The glorious conversation with these Old Testament prophets paved the way to the cross, as both Moses and Elijah confirmed that this very Jesus was the Christ who was promised in the Old Testament, He who would come, live, die and rise again. Peter refers back in his Epistle to these prophets and to all the prophets and reminds us that they didn’t speak on their own about the coming Christ. The Holy Spirit moved them, inspired them to talk about Jesus ahead of time. And here at His transfiguration, Peter says we have the prophetic word confirmed, which you do well to heed as a light that shines in a dark place, until the day dawns and the morning star rises in your hearts.
Finally, the glory that paves the way to the cross is the glorious praise Jesus received from the Father. This is My beloved Son, in whom I am well pleased. Hear Him! By repeating the same words He spoke at Jesus’ Baptism, God the Father makes it absolutely certain for us that no man can please God by offering his own good works to God. If you’re looking for God’s love, for God’s acceptance, for God’s forgiveness and God’s righteousness, you have it only through faith in Christ, the beloved Son of God who gives you full and free access to God’s grace through Him and only through Him.

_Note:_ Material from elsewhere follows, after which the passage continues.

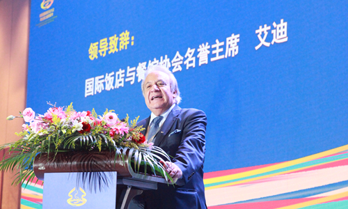 國際飯店與餐館協(xié)會主席加森·艾迪為開幕致辭。
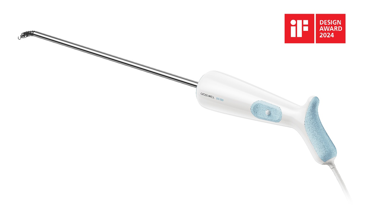 获奖产品“Cross Well DG100”是一款应用于外科手术的微型腹腔镜手术器械,设计作品由师生团队经过一年多的设计迭代完成。团队提出的轨迹球操作方式可实现器械头端360°旋转和90°弯曲,实现了即使在狭小的腹腔,医生不转动手腕也能精确控制钳口角度,缓解了医生手腕的疲劳,提升了手术安全性。设计对握把和操作体验进行了人机工效设计和优化,采用三管星形手柄,握把与手掌的紧密贴合,能减少手腕疲劳,确保长时间使用时的安全性、舒适性和稳定性。

Hear Him!, the Father says. But what Jesus says doesn’t always—doesn’t ever!—make sense to our human reason. If He is the glorious, beloved, well-pleasing Son of God, then He shouldn’t have to suffer; He shouldn’t have to die. If we are God’s beloved children through faith in Jesus Christ, then we shouldn’t have to suffer; we shouldn’t have to die. And yet Jesus says that He must, and so must we. Hear Him, the Father says. Because your eyes will deceive you. But Jesus’ words will never deceive you. After death there is resurrection for Jesus and for all who hope in Him. Behind the suffering and the shame there is a loving Father who is well-pleased with Jesus and with all who trust in Him, because the blood of Jesus covers your unpleasing sins and offenses and makes you righteous before God.

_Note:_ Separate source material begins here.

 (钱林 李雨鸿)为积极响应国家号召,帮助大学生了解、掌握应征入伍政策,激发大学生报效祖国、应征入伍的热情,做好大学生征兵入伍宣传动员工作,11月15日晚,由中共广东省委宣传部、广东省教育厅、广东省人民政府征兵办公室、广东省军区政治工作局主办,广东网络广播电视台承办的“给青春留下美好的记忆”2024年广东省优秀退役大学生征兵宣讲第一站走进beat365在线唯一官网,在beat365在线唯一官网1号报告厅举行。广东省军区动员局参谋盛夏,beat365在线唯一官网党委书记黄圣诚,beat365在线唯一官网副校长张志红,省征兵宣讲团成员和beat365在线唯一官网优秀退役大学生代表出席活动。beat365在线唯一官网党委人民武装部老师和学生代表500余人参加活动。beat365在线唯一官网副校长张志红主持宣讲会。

When the glorious vision had faded, the disciples were cowering in fear until Jesus came and touched them and said, “Arise, and do not be afraid.” They lifted up their eyes and saw no one but Jesus only. And that’s really the point of this transfiguration narrative. When your sins threaten you, when your conscience accuses you, when fear seizes you, when the cross looms ominously on the horizon and you don’t understand why this Christian life can be so hard, don’t just sit there staring at your belly button. Don’t turn to your pitiful human reason for the answers. Don’t cling to your sins, don’t look to your good works for help. Look up and see Jesus only—the glorious Son of God who, most of the time, looked like the biggest loser of all. The glory of the transfiguration paves the way to the cross and makes it OK to suffer and die, because you know that there is glory on the other side. See Jesus only. Hear Jesus only. And you will be safe.
After all, you’ve been baptized haven’t you? And Baptism is tied to transfiguration, even your present transfiguration from sinner to saint, and your future transfiguration from this image of dying and death to the image of the glorified and risen Christ. The washing away of sins in Baptism is tied to the future glory that will be ours, if we continue in this faith. As Paul says to the Romans, Therefore we were buried with Him through baptism into death, that just as Christ was raised from the dead by the glory of the Father, even so we also should walk in newness of life. For if we have been united together in the likeness of His death, certainly we also shall be in the likeness of His resurrection. Amen.